Strangely—at least it's strange to me—the teacher of the law agreed with Jesus. He said those two commandments did indeed summarize all the rest, and commended Jesus for speaking wisely. Jesus in turn commended him, and said, "You are not far from the kingdom of God."

The second commandment is giving me reason to think and meditate. What does it mean to love our neighbor as we love ourself? I see two ways the words (an English translation by learned men of the original Greek). One is: Love your neighbor in the same way that you love yourself. That is the traditional interpretation. But a second possible meaning to these words is: Be yourself in loving your neighbor; or, love your neighbor genuinely, honestly. Not falsely or out of true love, because you mean it, not because you have to.

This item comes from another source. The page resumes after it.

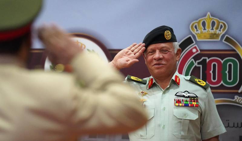 وكان في استقبال جلالته لدى وصوله الكلية، رئيس هيئة الأركان المشتركة اللواء الركن يوسف أحمد الحنيطي، وآمر كلية الدفاع الوطني الملكية الأردنية.
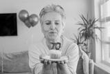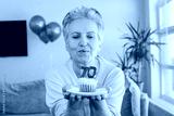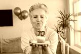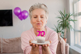 Elderly smiling cool happy woman 70s hold birthday cake with candle

I like both interpretations. I imagine the first is the correct one, while the second is peculiar to the English translation, and that meaning probably isn't there in the Greek. But if the first is correct, we then have to consider what is an implied third important commandment: Love yourself. That flies in the face of Christian humility. We should consider others above ourselves. That's what we are taught. To love ourselves just doesn't sound right.

Yet, it is there, implied in the second great commandment. I don't think this means we should all become narcissists. I think it means we should 1) understand that we are a creation of God; 2) treat this part of God's creation with respect, as something of value; and 3) be satisfied with God's work as represented in us, i.e. realize God didn't make any mistakes when he made us.

That is something I can grasp. By "be satisfied" I don't mean to imply ending all attempts at improving ourselves. Strive for improvement, for God put within you the ability to improve: to learn, to grow, to mature, to move on. That's part of our makeup.

This was a good lesson. It caused me to think about the passage in a way I hadn't before. I like that.